Most people now recommend not over exercising puppies or running with them or doing other repetitive high Impact activities before 1.5 years of age or so, for fear of joint problems and due to unclosed growth plates. The rule of thumb I read was 5 min of exercise per month of age, once or twice per day, max.

If the puppy is accustomed to crazy amounts of exercise, you may have some issues initially. I would suggest looking up deliberately teaching calm and focus- lots of people here recommend the game "Look at that" and I found "Relax on a Mat" very very useful for teaching my energetic spoo to settle. Both games have great instructions you can find with a quick google. These are also impulse control, and will help the dog learn the skills needed to control mouthiness.

For mouthiness, I personally only had success when I started leaving the dog alone, going into another room, and shutting her out when she was mouthy. For mine, even a squeak or shout was fun, as it was attention, and rewarding to her. Other dogs may be different.
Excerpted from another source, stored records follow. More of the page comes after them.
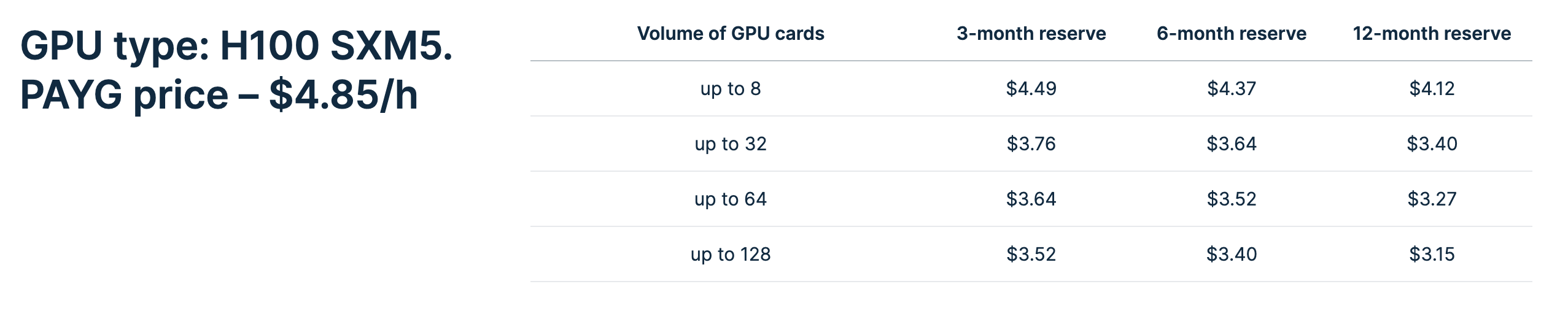 One of NVIDIA’s H100 SXM5 ( up to 3,958 teraFLOPS) costs between $3.15 and $4.49 per hour on-demand at NEBIUS AI, depending on the reservation time and the volume of GPUs used (as of August 1, 2024). In our example, it would make sense to choose the largest volume (up to 128 GPU chips), which would cost between $3.15 and $3.52 per GPU per hour. Let’s assume that we chose the shortest reserve time and therefore the most expensive offering in this category. So a cluster of 128 GPUs would cost about $450 per hour (128 x $3.52) and can compute up to 507 petaFLOPS (128 x 3,958 teraFLOPS). So for $64,400 (actually for $63,980) per hour, we could rent 142 full clusters of 128 H100 SXM5 with a total compute capacity of up to 72 exaFLOPS (142 x 507 petaFLOPS).
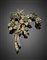 Rose cut diamond with round and cabochon emerald mobile flower silver and 9K gold brooch, g 22.71 circa, length cm 7.80 circa. (defects)
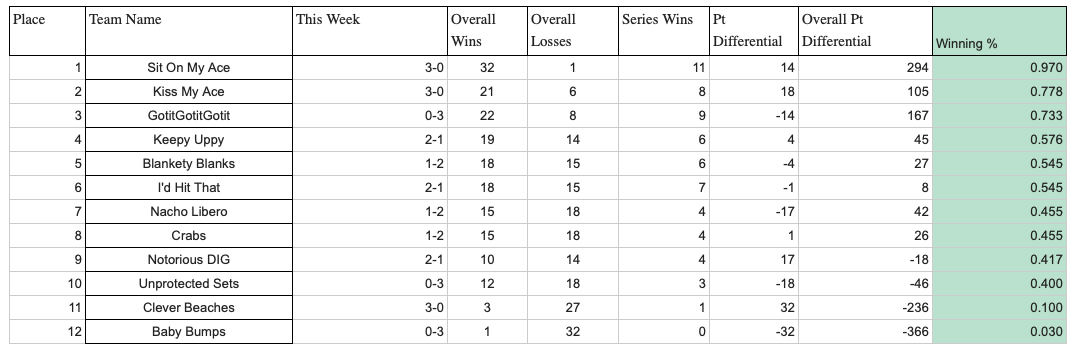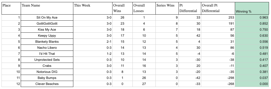 The format is best of 3, with games to 21. If a 3rd game is necessary, that game is to 15. Teams in 1st and 2nd place have a 1st round bye. Gold bracket will have their semis this Wednesday. Silver bracket will only play the 1st round this Wednesday and have their semis and finals on the same night, the following Wednesday.
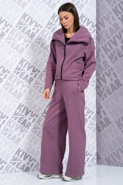 Брюки слегка расширены к низу, что придает им элегантность и легкость. Брюки имеют карманы в боковых швах, где вы можете удобно хранить мелкие вещи. Кокетка по спинке подчеркивает линию талии и делает силуэт более изящным. Брюки выполнены из трехниточного футера с изнанкой на флисе премиального качества, который обеспечивает тепло и мягкость.
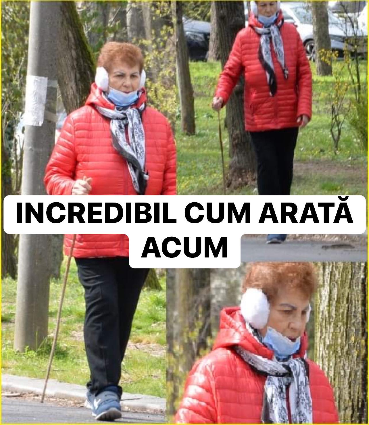 Îmbrăcată cu o pereche de pantaloni negri, lejeri, geacă roșie, și încălțată cu adidași, Irina Loghin și-a luat căști de protecție împotriva frigului și vântului, eșarfă și mască de protecție, dar și un băț pe post de baston, probabil, și a luat la picior aleea principală a parcului.
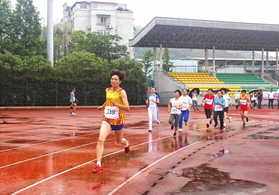 比赛正式开始了,首先同时进行的两个项目是慢骑和穿衣接力。运动员们一个个摩拳擦掌,拼尽全力,雨水仿佛受到热烈气氛的鼓舞,愈发的下得欢快。不急,握住方向盘,稳稳慢骑……快速穿衣、打结、竞跑、接力……落后了尽力赶,摔倒了爬起来……终于,在一片的欢呼声中,穿衣接力2队胜利获得妇幼代表队第一枚奖牌。接下来的比赛更是捷报频传:潘婷婷获女子青年组女子400米第三名,陈雪梅获中年组女子400米第一名,陈凯博获青年男子跳高第四名,南燕获青年女子跳高第四名……一天半的比赛中,妇幼代表队硕果累累,共获得运动奖项21项,分别为:女子400米、800米、跳绳,男子实心球个人第一名共4个;中年女子立定跳远第二名1个;女子400米、800米、跳远、实心球,中年男子跳绳,个人第三名共5个;青年男子、女子跳高个人第四名共2个;女子800米、男子3000米个人第六名共2个。飞镖团体第二名1个;穿衣接力团体第三名1个;袋鼠跳、企鹅漫步、集体跳长绳团体第四共3名个;飞镖、袋鼠跳团体第六名共2个。
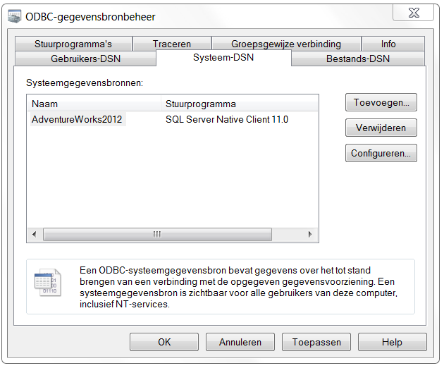 Ga naar de “Systeem-DSN”-tab. Voeg daar een nieuwe gegevensbron in. Het onderstaande screenshot geeft het uiteindelijke resultaat aan als je de stappen voor het toevoegen van een DSN hebt doorlopen. Uiteindelijke is er een Systeem DSN met de naam “AdventureWorks2012” aangemaakt met SQL Server Native Client 11.0 als stuurprogramma.
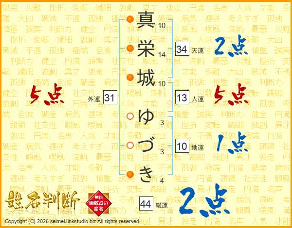 真(10画)栄(14画)城(10画) ゆ(3画)づ(3画)き(4画)
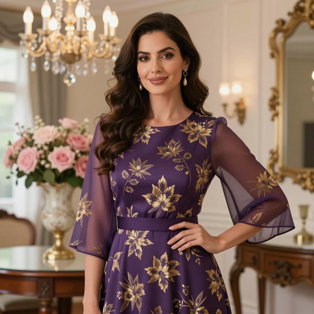 Party wear dress frock, photograph of a beautiful woman, medium skin tone, long wavy dark brown hair, wearing a sleeveless purple dress with gold floral patterns, sheer bell sleeves, standing in an elegant room, background with chandeliers, pink bouquets of flowers, wooden furniture, soft natural light, warm colors, smile, subtle makeup, elegant and sophisticated atmosphere, portrait orientation
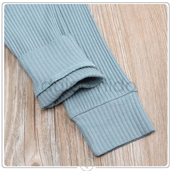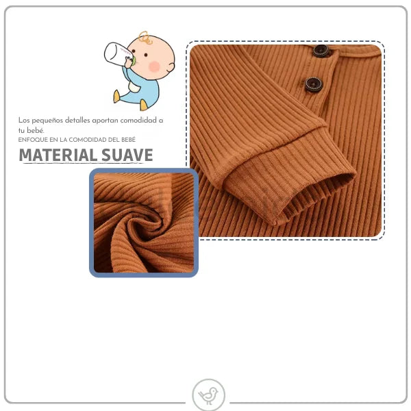 Tejido acanalado, suave y ligeramente elástico, que se adapta al cuerpo sin apretar y acompaña al bebé cuando rueda, gatea o duerme.
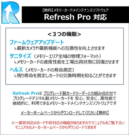 ProGrade Digital CFexpress Type A/SDダブルスロットカードリーダーPG09との組み合わせで、メモリーカードの寿命診断(ヘルス)、メモリーリフレッシュによる速度性能の回復(サニタイズ)、ファームウェアアップデートができる「Refresh Pro(無料)」に対応しています。
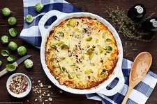 - Die Eier-Sahne-Masse über den Rosenkohl gießen und darauf den geriebenen Emmentaler und die gehackten Haselnüsse verteilen. Im vorgeheizten Backofen auf der mittleren Schiene für 30 Minuten backen.
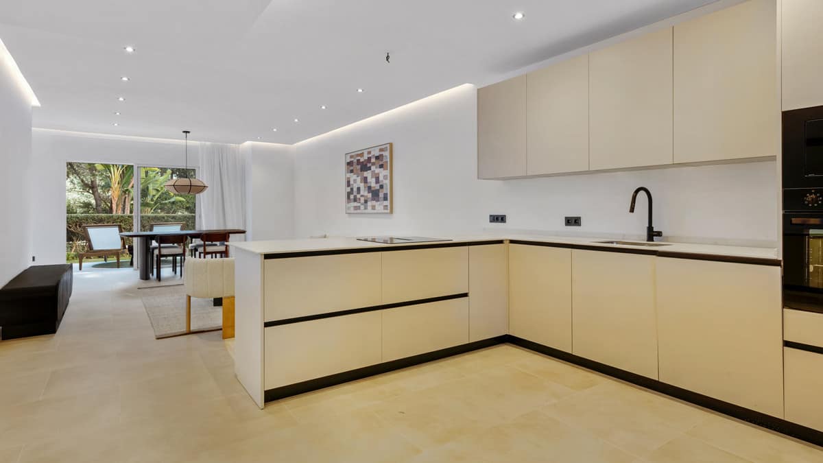 The apartment offers exceptionally generous living spaces, filled with natural light and finished to a high modern standard throughout. The spacious open-plan living and dining area connects seamlessly to a large private terrace, providing direct access to the garden, perfect for relaxing, outdoor dining, or enjoying the Mediterranean lifestyle all year round.
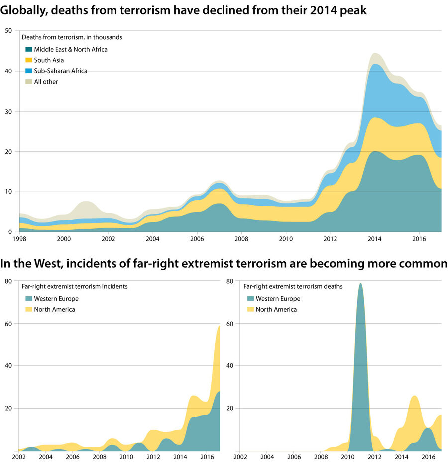 That focus has been warranted, as Islamist terrorists have been responsible for the vast majority of attacks and deaths since 2001. In 2017, four terrorist groups 鈥 Islamic State (ISIS), the Taliban, Al Shabab, and Boko Haram 鈥 were responsible for nearly 60 percent of the 18,800 deaths worldwide from terrorism, according to the Global Terrorism Index.
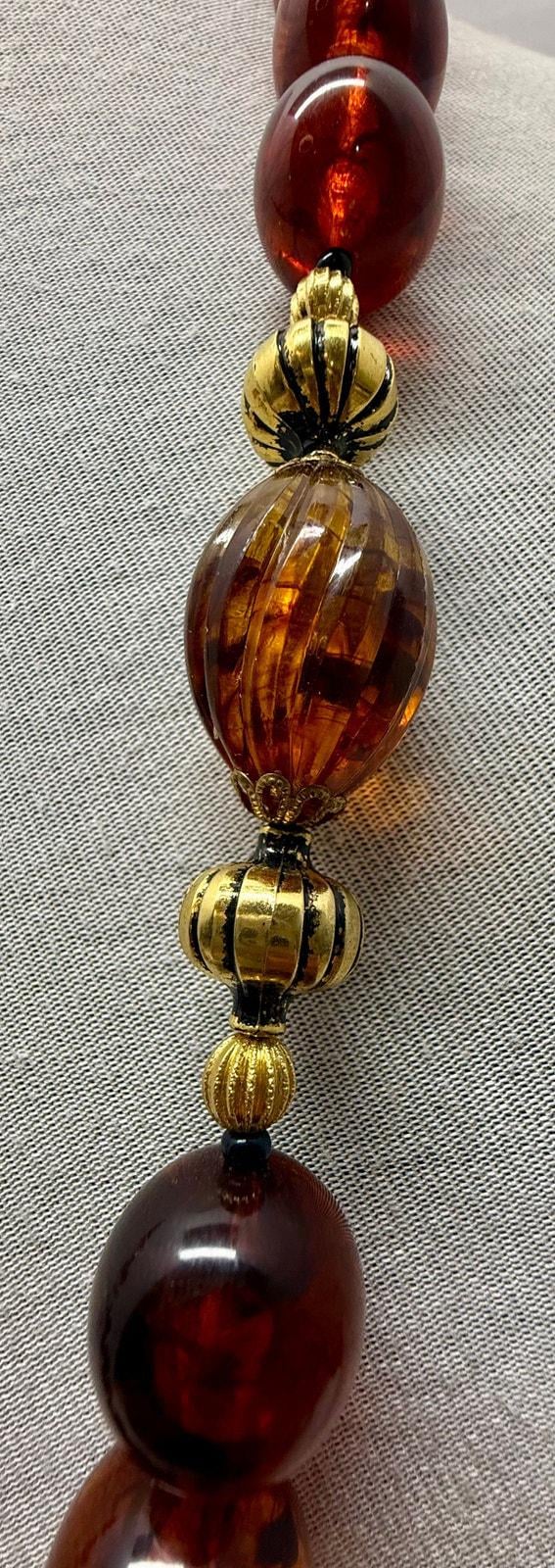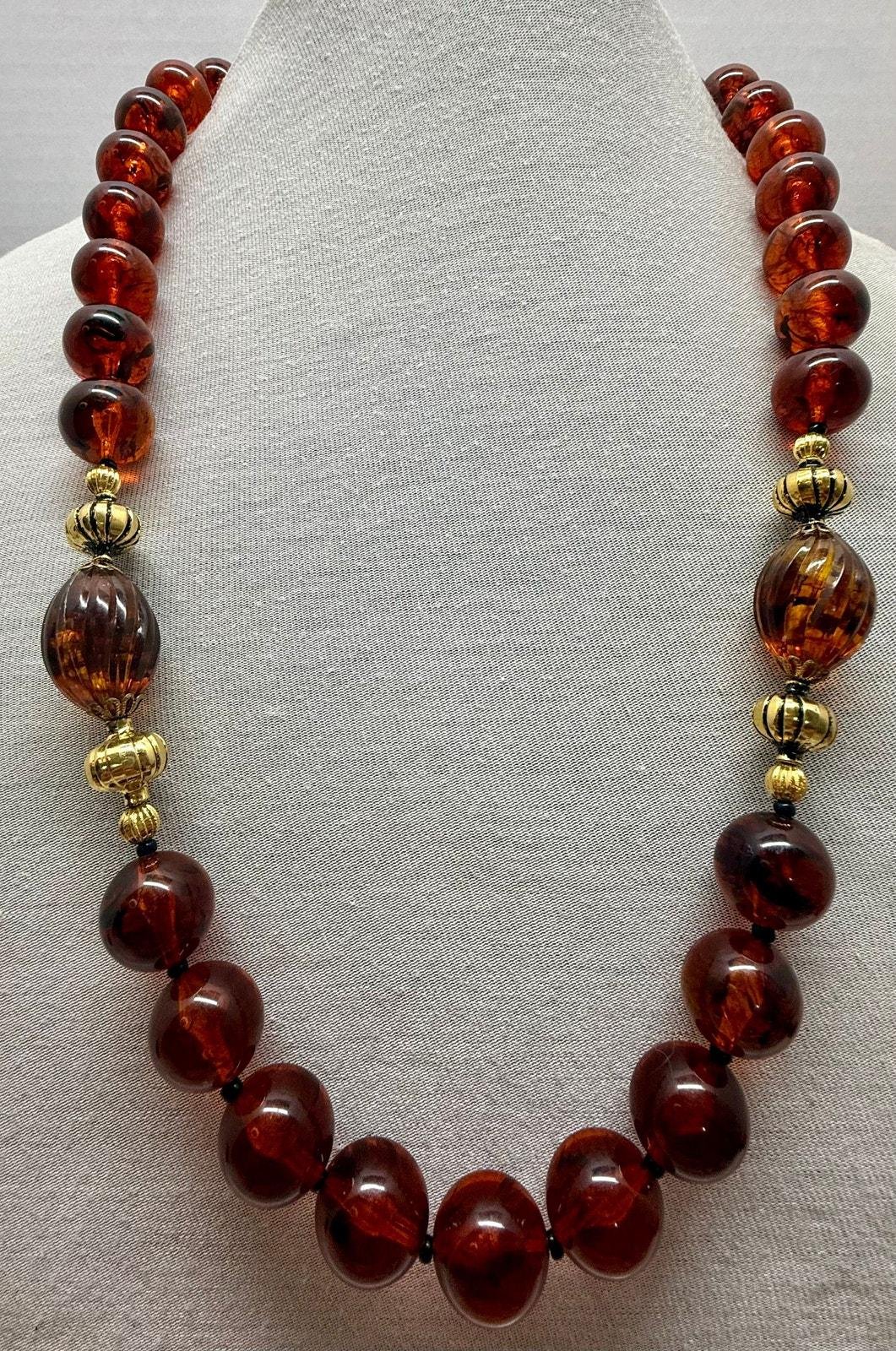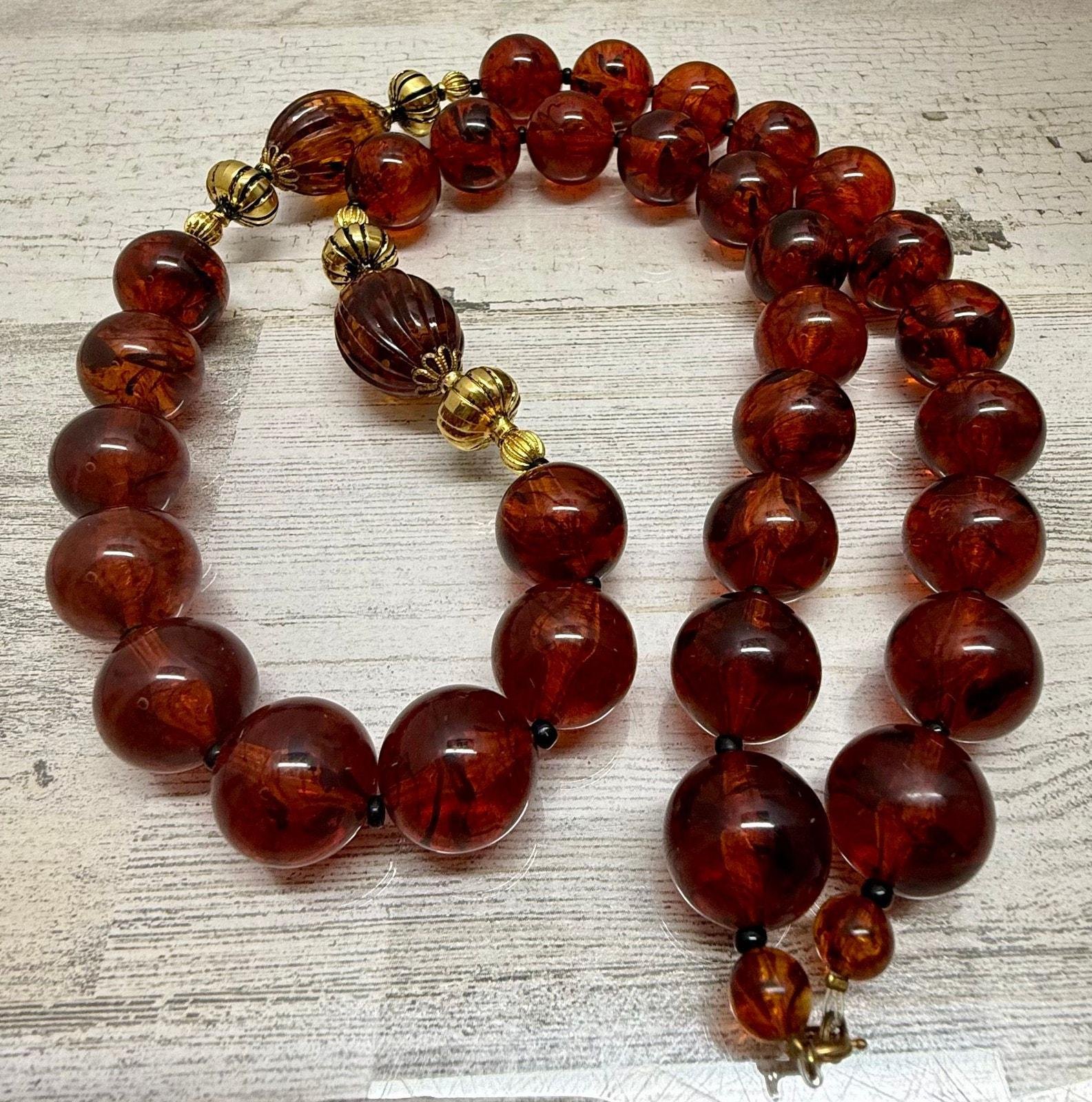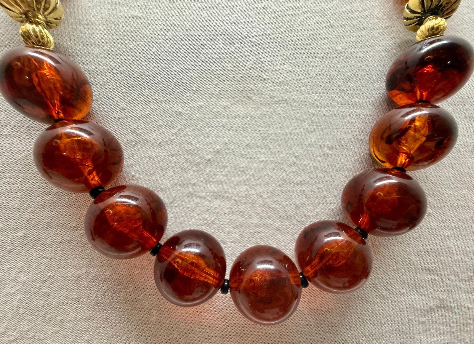 Vintage 1980s Faux Amber Lucite Root Beer Ball Bead & Gold Tone Necklace
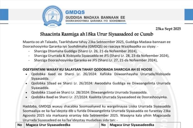 Soohdimaha (GMDQS) waxa uu Maanta oo ay Taarikhdu tahay 23, 9,2025, si rasmi ah u…
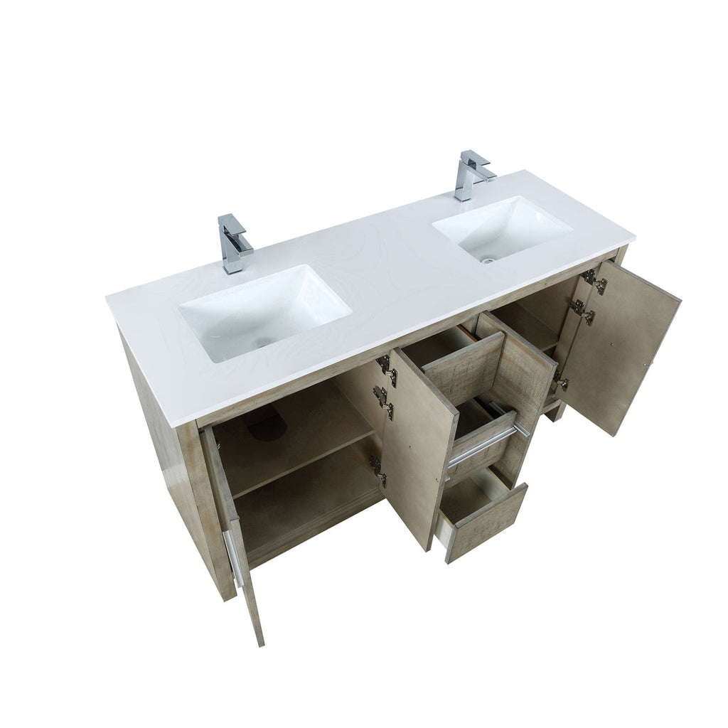 Lexora Lafarre 60" Rustic Acacia Double Bathroom Vanity, White Quartz Top, White Square Sinks, and Labaro Rose Gold Faucet Set LLF60DKSOD000FRG

For exercise - spoons have a lot of energy, but seem to have two kinds - mental and physical. You can tire a dog out by doing either brain work (sniffing, training, willpower exercises like stays) or lots of exercise. A mix of the two seems to be a good compromise to get a dog that is nice to live with and dogs tend to build stamina and get better at doing whatever they do more of. You can teach a dog to be good at long periods of calm focused attention, long jogging or fetch sessions, or both depending on what you focus on. For my sanity, I try and make sure my spoo and I work on focused attention, as crazy physical energy comes very naturally to her.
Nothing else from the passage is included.